Writing the first test

To begin with, I will show you how to write a simple test that will verify if the API can return the products list. If you remember we implemented this API in the first part of the tutorial. First of all create a file called test_views.py under the folder drftutorial/tests/catalog/ and add this code:

import pytest
from django.urls import reverse
from rest_framework import status
from rest_framework.test import APITestCase


class TestProductList(APITestCase):
    @pytest.mark.django_db
    def test_can_get_product_list(self):
        url = reverse('product-list')
        response = self.client.get(url)
        self.assertEqual(response.status_code, status.HTTP_200_OK)
        self.assertEqual(len(response.json()), 8)

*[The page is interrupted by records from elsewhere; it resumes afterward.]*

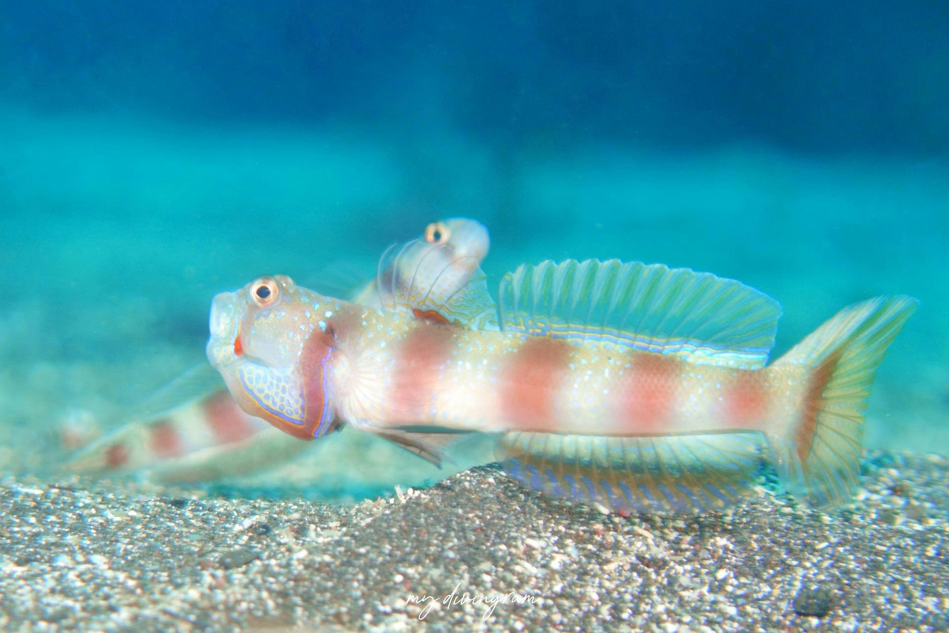 ダテハゼやヒメダテハゼとよく似ていますが、眼下に1褐色垂線があることや鰓蓋上端に赤色点があること、尾鰭にU字の赤褐色帯があることなどが特徴です。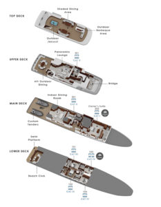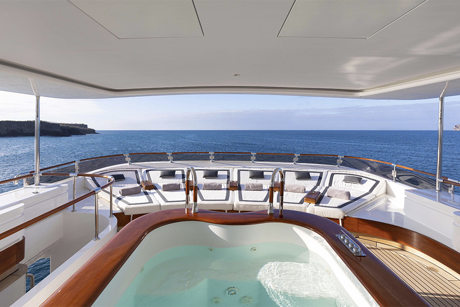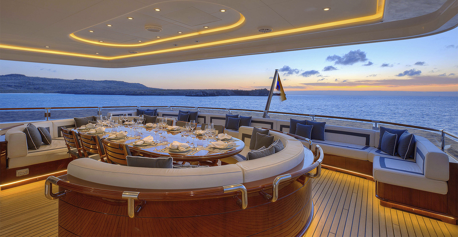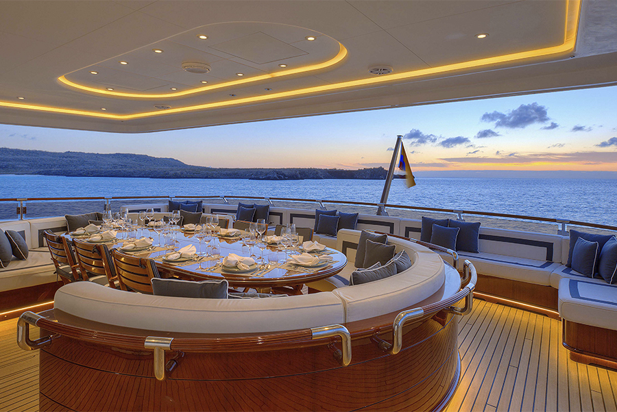 A bordo do italiano Aqua Mare, construído pela CRN Yacht, os hóspedes encontrarão sete grandes suítes projetadas por Zuretti, incluindo uma Owner’s Suite de 80 m², extravagantes espaços sociais internos e externos, acabamento elegante e atenção imaculada aos detalhes, tornando-o o primeiro de seu tipo na região, e o melhor retiro enquanto explora as dramáticas paisagens vulcânicas do Arquipélago de Galápagos. A exclusividade é combinada com o serviço mais personalizado proporcionado por dois guias naturalistas para 16 convidados, além da proporção individual de tripulação por hóspede mais exclusiva das ilhas.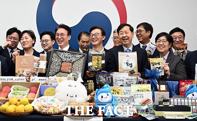 김민석 국무총리를 비롯한 국무위원들이 23일 오전 서울 종로구 정부서울청사에서 열린 추석 명절 맞이 농수산식품 소비촉진 행사에 참석해 명절 선물세트 앞에서 환한 미소를 짓고 있다. darkroom@tf.co.kr 사진영상기획부 photo@tf.co.kr 발로 뛰는 더팩트는 24시간 여러분의 제보를 기다립니다. ▶카카오톡: '더팩트제보' 검색 ▶이메일: je

before being able to run this test we need to change a little thing in the catalog/urls.py file, something we should have done since the beginning. Please change the first url in this way, adding the name parameter:

urlpatterns = [
    url(r'^products/$', views.ProductList.as_view(), name='product-list'),
    ...

at this point we are able to run our test suite again and verify the test is passing:

(drf-tutorial) ➜  drftutorial git:(test-productlist) ✗ pytest -v
============================================================================================================================= test session starts ==============================================================================================================================
platform darwin -- Python 2.7.13, pytest-3.0.6, py-1.4.32, pluggy-0.4.0 -- /Users/andrea/.virtualenvs/drf-tutorial/bin/python2.7
cachedir: .cache
Django settings: drftutorial.settings (from ini file)
rootdir: /Users/andrea/Projects/drf-tutorial/drftutorial, inifile: pytest.ini
plugins: django-3.1.2
collected 1 items

tests/catalog/test_views.py::TestProductList::test_can_get_product_list PASSED

=========================================================================================================================== 1 passed in 0.98 seconds ===========================================================================================================================

To checkout the source code at this point:

git checkout tutorial-1.16

Explaining the test code

When we implement a test, the first thing to do is to create a test_* file and import the minimum necessary to write a test class and method. Each test class must inherit from APITestCase and have a name that start with Test, like TestProductList. Since we use pytest, we need to mark our method with @pytest.mark.django_db decorator, to tell the test suite our code will explicitly access the database. We are going to use the client object that is integrated in APITestCase to perform the request. Before doing that we first get the local url using Django's reverse function. At this point we do the call using the client:

response = self.client.get(url)

and then we assert a couple of things that we expect to be true:

self.assertEqual(response.status_code, status.HTTP_200_OK)
self.assertEqual(len(response.json()), 8)

We check that our API returns the 200 status code and that in the returned JSON there are 8 elements.

It's normally a good practice to create test data inside the tests, but in our case we previously created a data migration that creates test data. Migrations are run every time we run tests so when we call our API, the data will be already there.

Wrapping up

I've written a few tests for all the views we have implemented until now and they are available if you checkout this version of the code:

git checkout tutorial-1.17

I've only tested the views but it would be nice to test even the permission class, for example. Please remember to write your tests first, if possible: implementing the code will be much more natural once the tests are already in place.